### Exercise
Taking the entries below, transcribe only the lines starting with the one with "왼쪽 뒷다리를 절단하는 수술을 받았습니다." and going on through the one with "2打开原始数据,点击工具下的", exactly as written, without the pictures.

### Raw data

=== Section Start ===

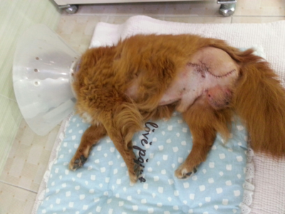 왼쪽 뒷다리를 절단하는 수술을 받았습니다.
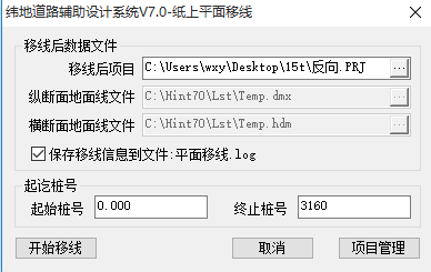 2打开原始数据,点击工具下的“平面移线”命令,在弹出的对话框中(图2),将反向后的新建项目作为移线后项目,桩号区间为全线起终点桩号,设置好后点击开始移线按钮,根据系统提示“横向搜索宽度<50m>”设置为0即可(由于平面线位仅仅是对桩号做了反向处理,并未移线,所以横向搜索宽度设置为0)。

=== Section End ===
=== Section Start ===

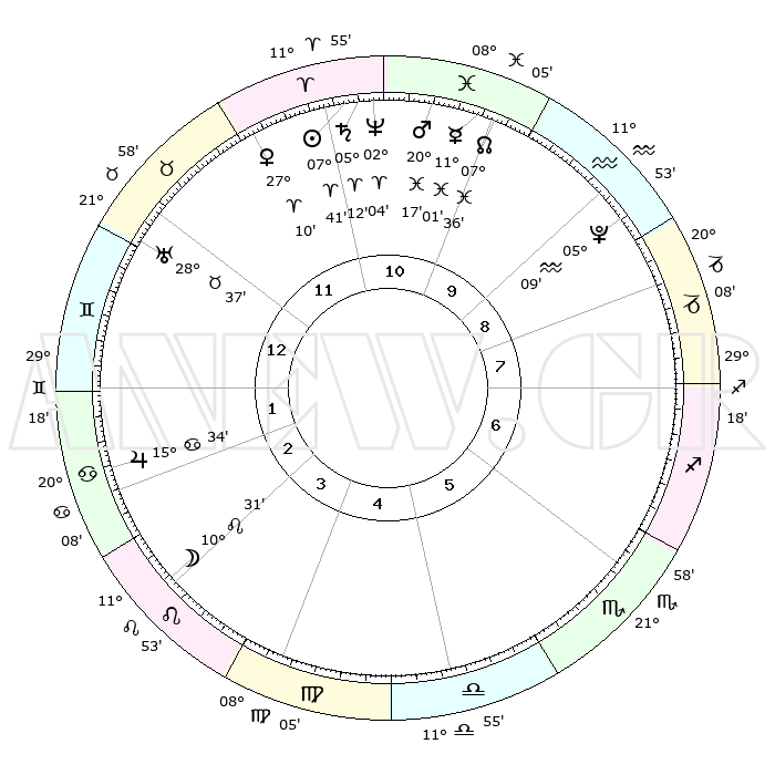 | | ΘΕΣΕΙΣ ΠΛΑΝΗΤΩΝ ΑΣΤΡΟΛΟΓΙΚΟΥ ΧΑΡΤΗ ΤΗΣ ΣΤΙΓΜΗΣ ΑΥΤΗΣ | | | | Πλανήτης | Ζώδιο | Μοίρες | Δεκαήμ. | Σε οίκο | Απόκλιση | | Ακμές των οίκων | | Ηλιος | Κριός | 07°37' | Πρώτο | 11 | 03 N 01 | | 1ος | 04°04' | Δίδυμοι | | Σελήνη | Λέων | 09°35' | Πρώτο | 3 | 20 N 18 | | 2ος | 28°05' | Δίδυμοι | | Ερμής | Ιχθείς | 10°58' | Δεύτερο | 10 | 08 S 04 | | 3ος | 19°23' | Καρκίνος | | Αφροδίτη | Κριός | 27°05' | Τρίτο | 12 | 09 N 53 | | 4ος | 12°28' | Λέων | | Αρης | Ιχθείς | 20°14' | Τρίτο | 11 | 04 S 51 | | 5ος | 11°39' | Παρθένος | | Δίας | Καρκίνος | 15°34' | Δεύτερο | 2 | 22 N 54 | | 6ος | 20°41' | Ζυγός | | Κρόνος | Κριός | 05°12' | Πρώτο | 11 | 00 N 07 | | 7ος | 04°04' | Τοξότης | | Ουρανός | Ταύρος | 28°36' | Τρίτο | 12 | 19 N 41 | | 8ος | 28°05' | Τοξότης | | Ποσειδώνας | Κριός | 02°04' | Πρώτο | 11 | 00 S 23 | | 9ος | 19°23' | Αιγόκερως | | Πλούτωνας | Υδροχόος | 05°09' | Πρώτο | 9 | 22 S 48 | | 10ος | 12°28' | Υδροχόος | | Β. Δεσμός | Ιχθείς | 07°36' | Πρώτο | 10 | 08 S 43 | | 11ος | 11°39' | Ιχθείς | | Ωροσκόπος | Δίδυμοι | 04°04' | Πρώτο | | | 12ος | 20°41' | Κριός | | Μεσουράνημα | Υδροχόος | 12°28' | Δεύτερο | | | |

=== Section End ===

### Solution to this task
 왼쪽 뒷다리를 절단하는 수술을 받았습니다.
 2打开原始数据,点击工具下的“平面移线”命令,在弹出的对话框中(图2),将反向后的新建项目作为移线后项目,桩号区间为全线起终点桩号,设置好后点击开始移线按钮,根据系统提示“横向搜索宽度<50m>”设置为0即可(由于平面线位仅仅是对桩号做了反向处理,并未移线,所以横向搜索宽度设置为0)。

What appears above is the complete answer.